Aaron: It’s kind of interesting. Before this workshop the workshop had I think we had 11 people in my workshop. Prior to that I sent an email to all the attendees and I asked them what platform they were using because I wanted to get a feel for what technologies were in play, and about half of them were using WordPress. There were a couple of people on Squarespace. There were a couple of people using BigFolio. There was somebody using something that’s completely homegrown and hand coded that she has somebody that she just pays to maintain her site for her. One of the things that became clear as we got into talking about the technical SEO aspects is that WordPress, both with what’s available as part of core WordPress and what’s easily and freely available through things like the Yoast SEO plugin that gets brought up every single week on this podcast.

Some other options is that when it comes to a technical SEO perspective is that between WordPress itself and some free plugins is you're 99% of the way there for zero cost and for a pretty easy learning curve on most of that stuff.
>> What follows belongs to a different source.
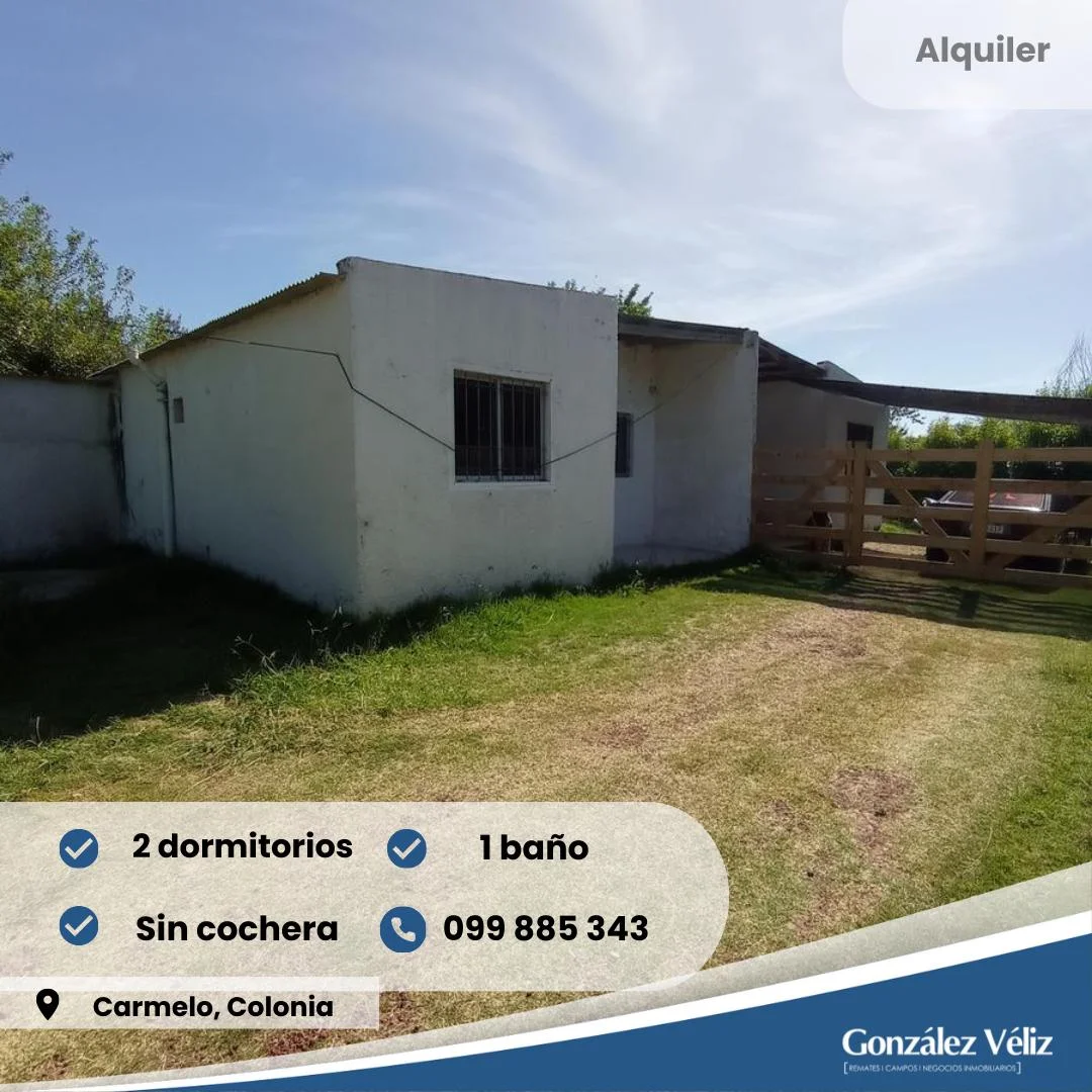 SE ALQUILA!!Casa en Zona Norte: Cuenta con dos dormitorios, cocina/comedor, baño, patio cerrado con alero y churrasquero al fondo.Código de referencia: GHO4800172Si te interesó la propiedad puedes coordinar visita a través de los números: ALQUILERES: Oficina 45425448 / 099885343 VENTAS: 099425417 (Martín González)/ 099337795 (Carlos Véliz)Estamos ubicados en Zorrilla de San Martín 447 esquina Roosevelt, Carmelo - Uruguay.

Whereas if you're on a closed platform where you don’t have that flexibility, you might have some options that they chose to give you, but if you have something like a Squarespace or a BigFolio or something like that is that at some point you will hit limitations and where I can say, “Yeah, you just go into the Yoast plugin and you fill out this one field,” that may not even be possible on another platform.

So really WordPress is really the best toolkit out there from that perspective right now for photographers or for any small business. I mean, if you're not going to have a staff to do this for you, which most of us don’t, the more that you can do on your own with a relatively easy learning curve … I mean, the red yellow green traffic light on your content analysis with Yoast it’s a beautiful thing, because that’s very easy for somebody to understand. Hey, I’m at a yellow light. What do I need to do to get to a green light?

Scott: And it tells you.

Aaron: Right, and that’s the thing, is it gives you that formula. It says, “Hey, this article is a little short or you need to include some images,” or whatever.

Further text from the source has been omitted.